**WHAT THE TASK REQUIRES**
Return the lines of the data below starting at the one holding "为增进大学生国防教育认识实践" and ending at the one holding "В таком случае", word for word, leaving every picture out.

**EXERCISE DATA**

----------

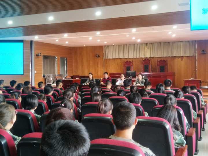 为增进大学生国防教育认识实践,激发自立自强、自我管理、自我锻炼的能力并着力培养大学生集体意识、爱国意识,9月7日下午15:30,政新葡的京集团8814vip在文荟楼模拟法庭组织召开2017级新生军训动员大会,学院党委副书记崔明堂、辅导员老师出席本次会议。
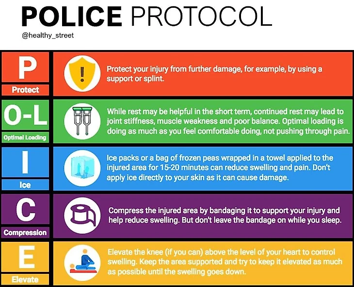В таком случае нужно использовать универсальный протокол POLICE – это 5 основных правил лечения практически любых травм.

----------

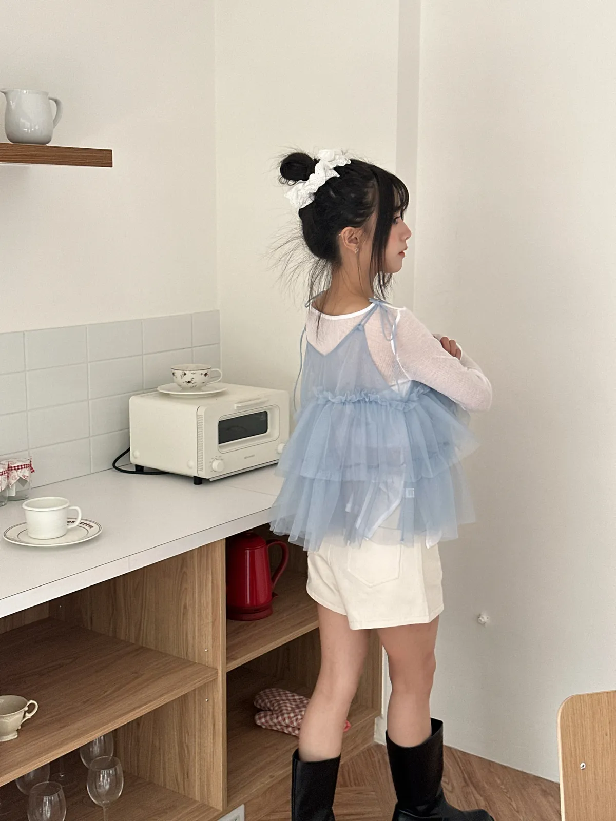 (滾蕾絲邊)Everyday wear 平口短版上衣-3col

----------

**ANSWER BOX**
 为增进大学生国防教育认识实践,激发自立自强、自我管理、自我锻炼的能力并着力培养大学生集体意识、爱国意识,9月7日下午15:30,政新葡的京集团8814vip在文荟楼模拟法庭组织召开2017级新生军训动员大会,学院党委副书记崔明堂、辅导员老师出席本次会议。
В таком случае нужно использовать универсальный протокол POLICE – это 5 основных правил лечения практически любых травм.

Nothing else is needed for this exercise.